Viele Tote nach Bootsunglück im Mittelmeer befürchtet

04.07.2019, 16:27 Uhr | dpa

Mittelmeer: Viele Tote nach Bootsunglück vor Tunesien befürchtet. Ein Migrant an Bord eines Bootes winkt in Richtung des Rettungsschiffs Open Arms der spanischen Organisation Proactiva Open Arms (Symbolbild): Immer wieder verunglücken Schiffe wie dieses auf der Überquerung des Mittelmeers. (Quelle: dpa/Olmo Calvo/AP)

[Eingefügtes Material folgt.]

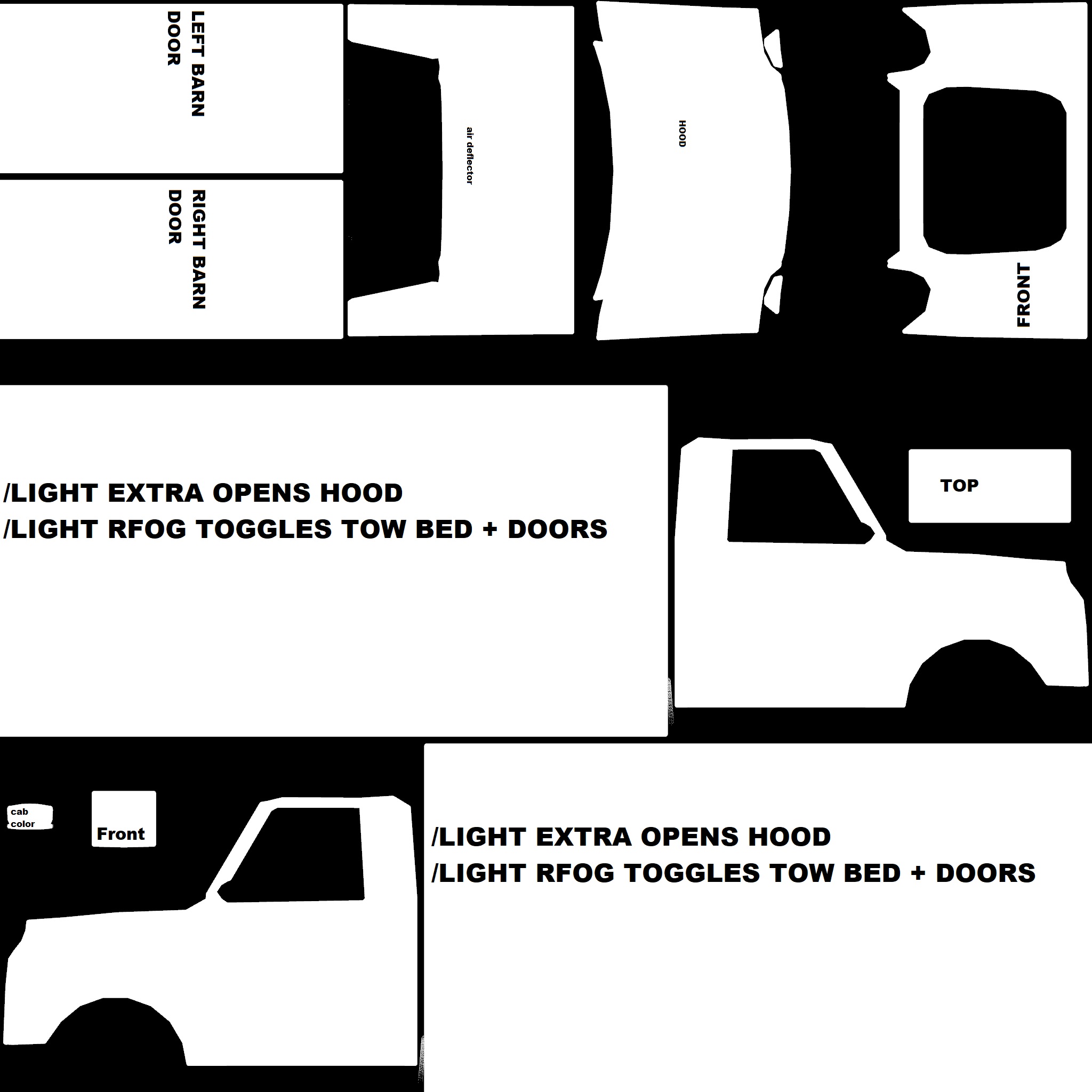 The LFS Vehicle editor provides options to create skin templates. A template helps you create skins for a vehicle by giving you the outlines of the vehicle's shape, within which you can draw the livery that will be drawn onto the vehicle.
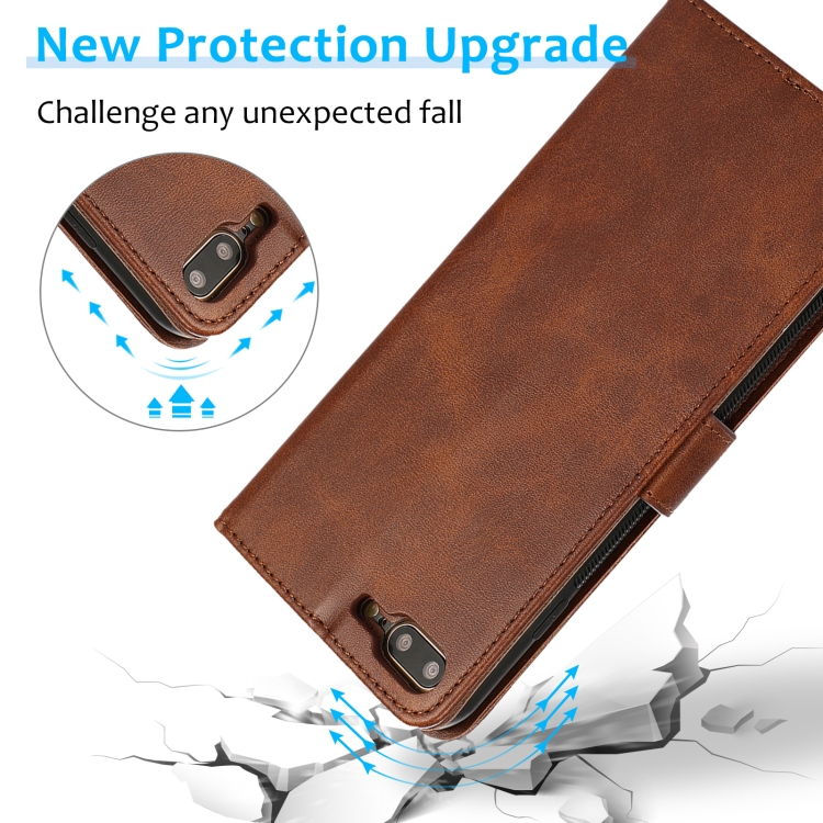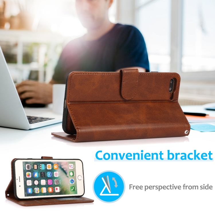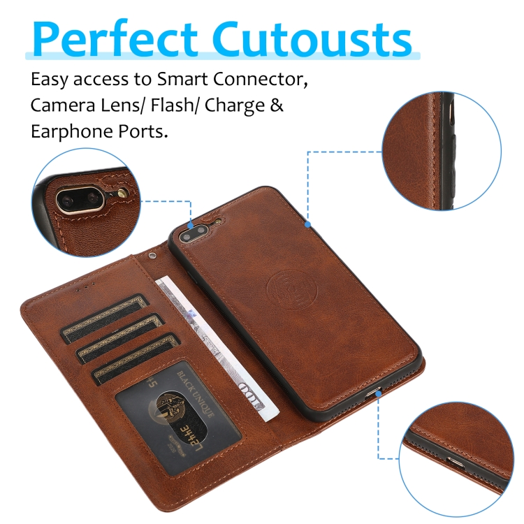 Funda de Cuero 2 en 1 para iPhone 8 Plus 7 Plus con Soporte y Tarjetero (Brown)
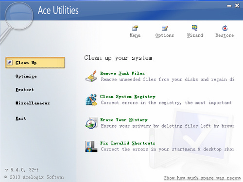 Ace Utilities是一个小巧而又功能强大,可以清理系统垃圾的工具。大家都有这个体会:当你的Windows使用久了, 你的计算机中就会累积大量的垃圾,使你的系统变得很慢。这些垃圾包括不必要的文件,坏掉的快捷方式 , 多余的副本文件 , 系统注册表的死项目 , 历史记录信息等。正是这些垃圾文件严重的影响了系统的性能。但是如果自己去手工修改的,不但很繁琐,而且一旦出错就可能系统崩溃、难以修复了。现在有了Ace Utilities,这些事情可以轻松搞定。
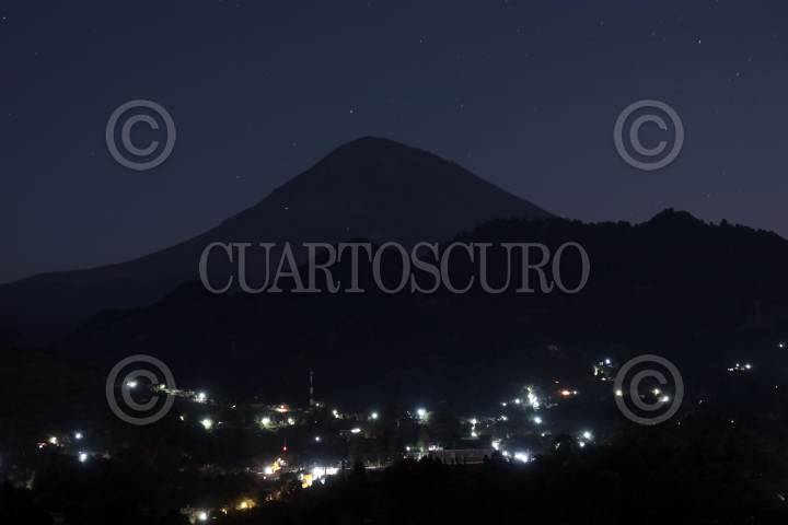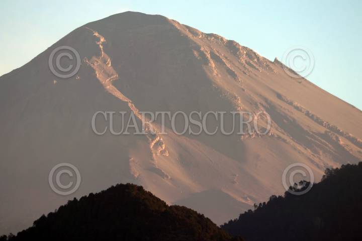 En las ultimas 24 horas el volcan Popocatepetl ha tenido muy baja actividad. Imagen del volcan al amanecer desde el municipio indigena de Hueyapan.
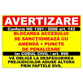 Placuta indicatoare parcare, avertizare, blocarea accesului se sanctioneaza cu amenda si puncte de penalizare, Onsec, 200x300 mm, PVC, 3 mm.
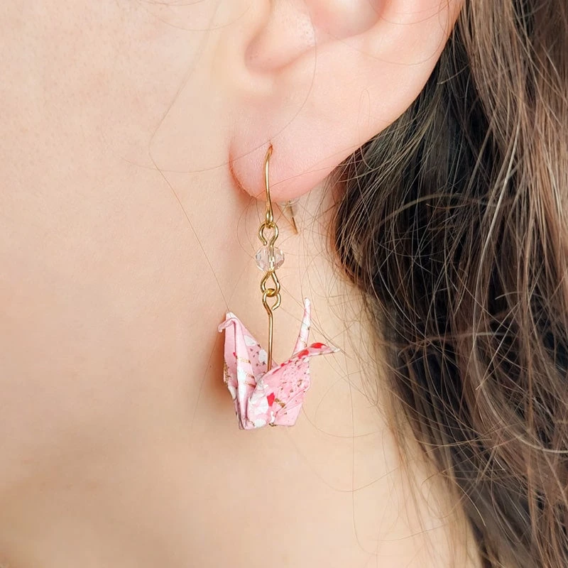 Delicate and feminine, these pink origami crane earrings add a romantic touch to your outfit. Hand-folded from Japanese paper and as light as a feather, they bring a unique flair to your style! Fall in love with these exceptional earrings, a symbol of Japanese craftsmanship.
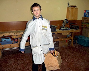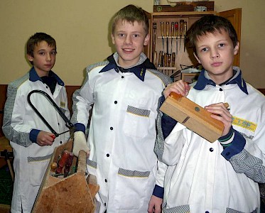 Heute stehen sie nun in unserer „Lehrwerkstatt“, eine Säge in ihrer Hand und probieren aus, wie scharf sie ist. Und einige von ihnen träumen davon, in unsere „Lehrwerkstatt“ aufgenommen zu werden, um eines Tages in einer Baubrigade eine Arbeitsstelle zu finden.
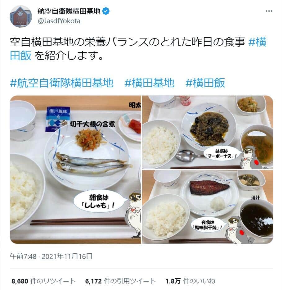 同基地渉外室によると、3等空曹は2021年4月23日、本来は1人分しか食べられない朝食を3人分食べ、2人分(480円相当)を不正に喫食した。同僚隊員の通報で発覚した。
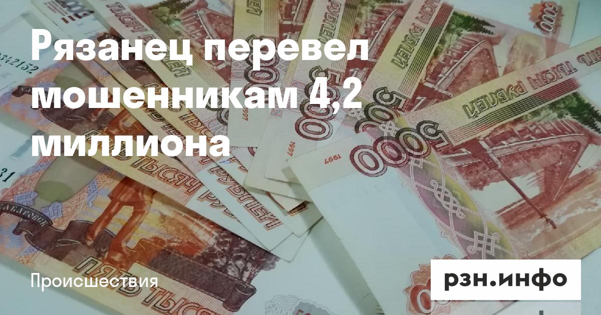 Житель Новомичуринска перевел мошенникам 4,2 миллиона рублей. Об этом сообщает ИД «Пресса».
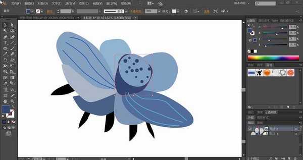 2、使用蓝灰色、蓝白色、深蓝色、黑色搭配填充花瓣,让不同形状的花瓣有着不同的蓝色调。
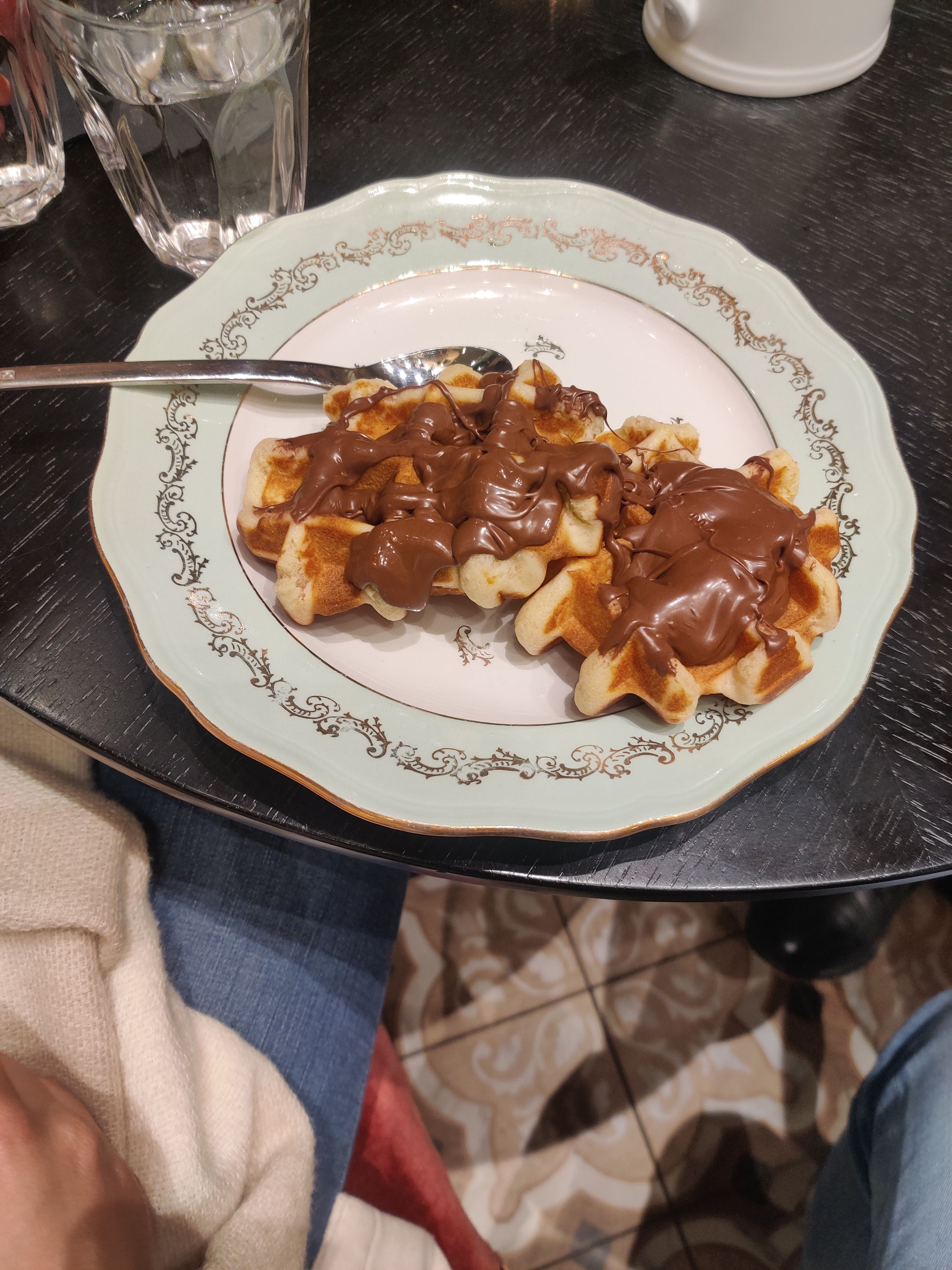 Pâtisserie parfaite pour le goûter. Nous avons commandé les gaufres et nous les avons beaucoup aimées. Le café normal.
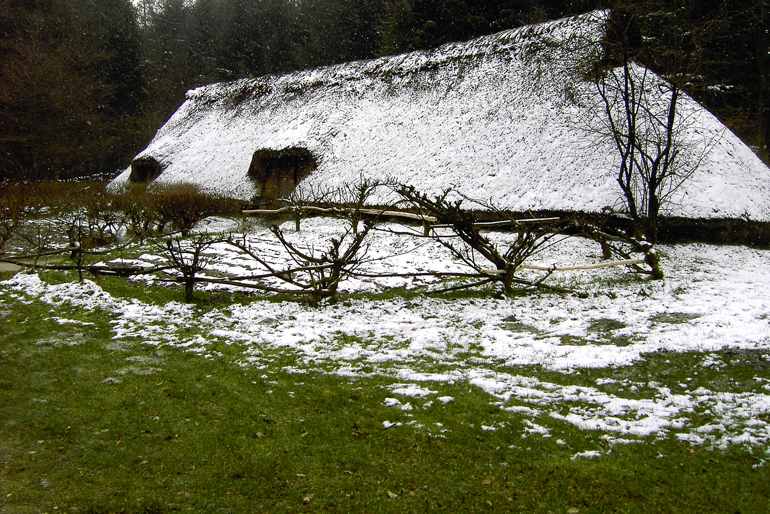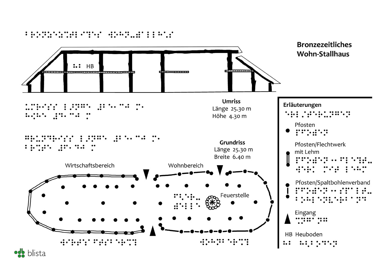 The main focus of the inclusive guided tour will of course be the houses in the museum area. The Stone Age is represented by the 1978/79 assembled building of the Rössener Culture (4500-3900 BC). The Bronze Age is represented by a house built after a pole floor plan from Telgte/Münsterland, and the Early Middle Ages by a house reconstructed in 2006 after findings from Halle/Westfalen. Tactile diagrams of floor plans in Size D in A3 are available for all these houses.

Ein Migrant an Bord eines Bootes winkt in Richtung des Rettungsschiffs Open Arms der spanischen Organisation Proactiva Open Arms (Symbolbild): Immer wieder verunglücken Schiffe wie dieses auf der Überquerung des Mittelmeers. (Quelle: Olmo Calvo/AP/dpa)

Es ist eine der gefährlichsten Fluchtrouten der Welt: Bei der Überquerung des Mittelmeers sterben jährlich hunderte Menschen. Möglicherweise ist nun ein weiteres Boot mit dutzenden Menschen verunglückt. 

Nach einem neuen Bootsunglück vor der tunesischen Mittelmeerküste befürchtet die Internationale Organisation für Migration (IOM) zahlreiche Tote. Vier Migranten seien am Mittwoch von tunesischen Fischern gerettet und nach Tunesien gebracht worden, sagte IOM-Sprecher Flavio Di Giacomo der Deutschen Presse-Agentur in Rom. Wie der Rote Halbmond aus dem tunesischen Medenine mitteilte, sei einer der Geretteten inzwischen verstorben.

Nach Auskunft der Überlebenden hätten sich insgesamt mehr als 80 Personen an Bord des Bootes befunden, erklärte Di Giacomo. Die Informationslage sei noch unübersichtlich, allerdings bestehe die Gefahr, dass 82 Menschen ums Leben gekommen seien.
 

  
Die Migranten sind Di Giacomo zufolge am Montag von Libyen aus losgefahren. Die Küstenwache aus dem benachbarten Tunesien suchte am Donnerstag noch nach Überlebenden. Das Mittelmeer zwischen dem nordafrikanischen Bürgerkriegsland Libyen und Italien gilt als eine der gefährlichsten Fluchtrouten der Welt. In diesem Jahr starben dort laut IOM bereits mehr als 340 Menschen bei dem Versuch, nach Europa zu gelangen.